Under no circumstances may the client allow third parties other than Authorised Persons to access and/or use the IC by any means whatsoever, directly or indirectly.
The customer undertakes to implement the organisational and technical means and to take all necessary precautions to preserve the security and confidentiality of the IC and to prevent its disclosure to anyone, directly or indirectly. In particular, the customer undertakes to take all measures to prevent any unauthorised access and/or use of the IC and to prevent any loss or alteration of said IC, in particular by setting up personal and confidential login details (usernames, passwords) for each member of its staff with access to the IC.

As soon as it becomes aware of any fact that may constitute a breach of the security or confidentiality of the IC, the customer undertakes to notify the Company.
These confidentiality obligations shall remain in force for 5 years after the end of the commercial relationship.

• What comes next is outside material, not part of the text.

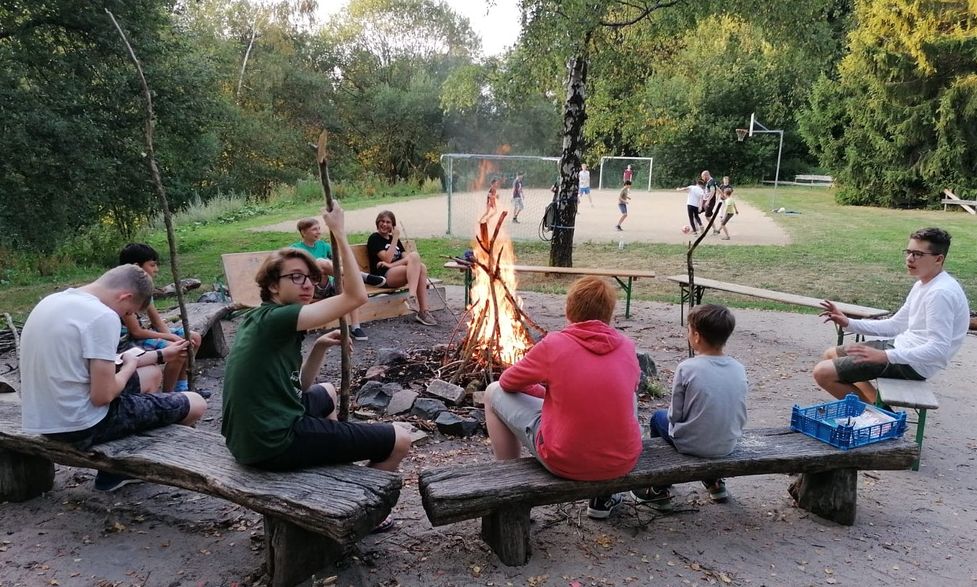 Nachdem der Mittwoch etwas regnerisch begonnen hatte, erfreute uns am Donnerstag der sonnige Tag, der unser Geländespiel noch schöner machte. Bevor wir mit dem Geländespiel starteten, ging es im Nawi-Programm um die Themen „Mineralogie und Umwelt“. Ein kleiner Einblick in die Welt der Kristalle und deren chemischen Aufbau lieferte viel Gesprächsstoff. Nachmittags wurden die Themen Wasser, Boden und Schadstoffe aufgegriffen. Dabei testeten die Kinder unter anderem selbst die Wasseraufnahmefähigkeit von Böden und erarbeiteten den Wasserkreislauf selbstständig. Im Geländespiel wurde dieses Jahr um gefundene Goldbarren duelliert. Zwei Goldgräber-Gruppen und zwei Banditen-Gruppen suchten auf dem gesamten Jugendherbergsgelände nach versteckten Goldbarren. Dabei war die Aufgabe der Goldgräber diese zu finden und zur „Bank“ zu bringen und die der Banditen, Goldgräber mit Goldbarren in den Händen zu fangen. Gelang es einem Goldgräber, ohne von einem Banditen gefangen zu werden, den Goldbarren in die Bank zu bringen, war der Barren sicher auf der Bank gelagert. Wurde er allerdings vor der „Safe-Zone“ gefangen, duellierten Goldgräber und Bandit sich bei einer Runde „Cornhole“ um das Stück Gold. Gewonnen hatte am Ende das Team mit den meisten Barren. Das Abendessen wurde an diesem Tag durch gemeinsames Grillen auf unserer Terrasse abgelöst. Und nach den letzten AGs für die Woche, endete der Tag dieses Jahr (nachdem es letztes Jahr aufgrund von Waldbrandgefahr ausfallen musste) mit einem ersehnten Highlight – dem Lagerfeuer.

Article 14 — Anti-corruption

The customer undertakes to comply with the applicable legal and regulatory provisions relating to ethics, prevention and combating corruption.

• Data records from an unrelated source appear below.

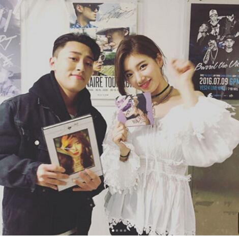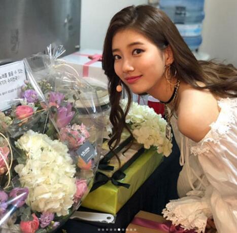 공개된 사진 속 수지는 팬들이 선물한 꽃다발 옆에서 화사한 미모를 뽐내는가 하면, 자신의 타이틀곡 ‘홀리데이(Holiday)‘를 피처링 한 래퍼 디피알 라이브(DPR LIVE)와 함께한 다정한 모습도 담겨있다.
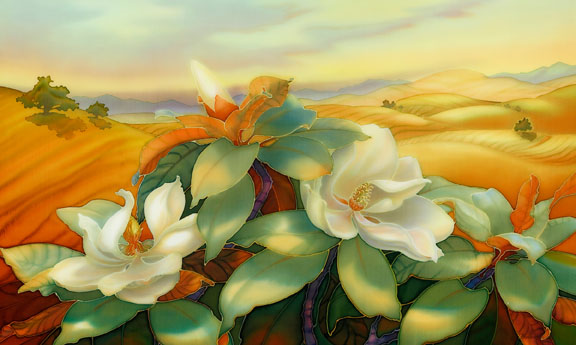 "California Glow" dye on silk 21" x 35"
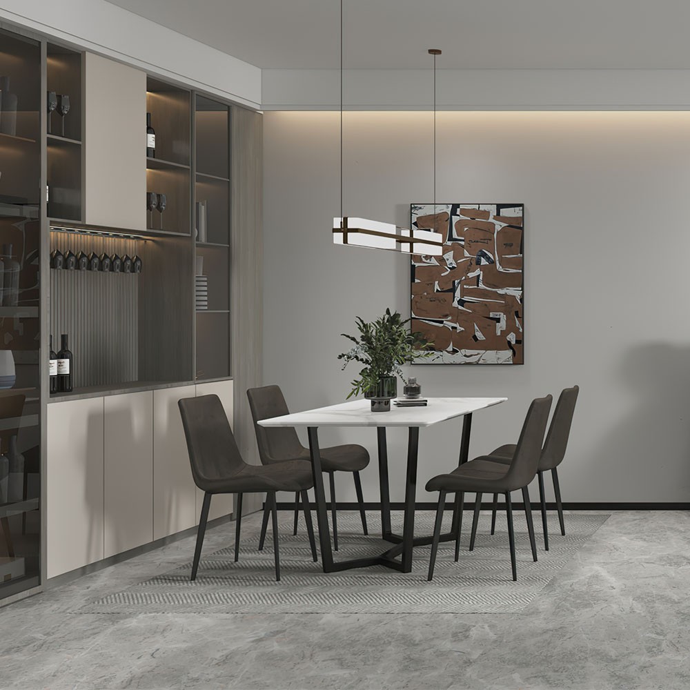 现代极简碳素铁脚+岩板长餐桌 - 1400*800*760*mm
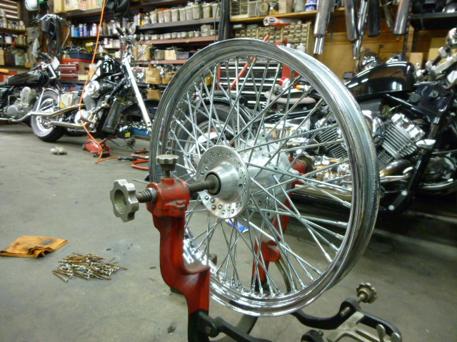 今日は、スティードカスタムちゃんのスポーク張り変えです。。。

Article 15 — Personal data

The Company is required to process personal data concerning the customer in order to fulfill its obligations within the framework of the commercial relationship between them, in its capacity as data controller. This mainly concerns the customer's surname, first name, address, email address and sales data. This data is processed in accordance with the applicable legal and regulatory provisions, in particular the General Data Protection Regulation 'GDPR' EU 2016/679 ('the Regulation') and Law No. 78-17 of 6 January 1978 on information technology, files and freedoms.
 
The Customer is informed that, for the purpose of improving the quality of the service offered by the Company, their telephone calls with the Company may be recorded.
Customer data is kept for the time corresponding to the purpose of collection, without exceeding a maximum period of five (5) years following the end of the commercial relationship between the customer and the Company, unless there is a legal obligation to archive it.
 
It may be communicated, in particular in aggregate form, to affiliated companies for administrative reasons, to subcontractors for the performance of tasks necessary for the purpose of collection, or to third parties linked to the Company by contract for the purposes of the legitimate interests pursued by the Company.
 
The customer has the right to access, rectify or erase their data, restrict its processing, withdraw their consent, a right to portability and a right to object to the collection of their data. The customer also has the right to lodge a complaint with the CNIL.
 
The customer may contact the Company (providing proof of identity) by sending a request:
 
-   by post to the following address: ALLIANCE HEALTHCARE REPARTITION (Personal Data), 222, rue des Caboeufs - CS 50002 - 92622 GENNEVILLIERS Cedex.[No text in field]

Article 16 — Disputes

Any disputes relating to these GTC, the sale of products and the provision of services shall be brought exclusively before the competent courts within the jurisdiction of the Company's registered office.         
                                                                                                                     
1 January 2026
 
We are all united and committed to creating a healthier future.



The legal language referenced on this page is legally binding in English only. Any and all translations into other languages have no legal force and are provided for information only.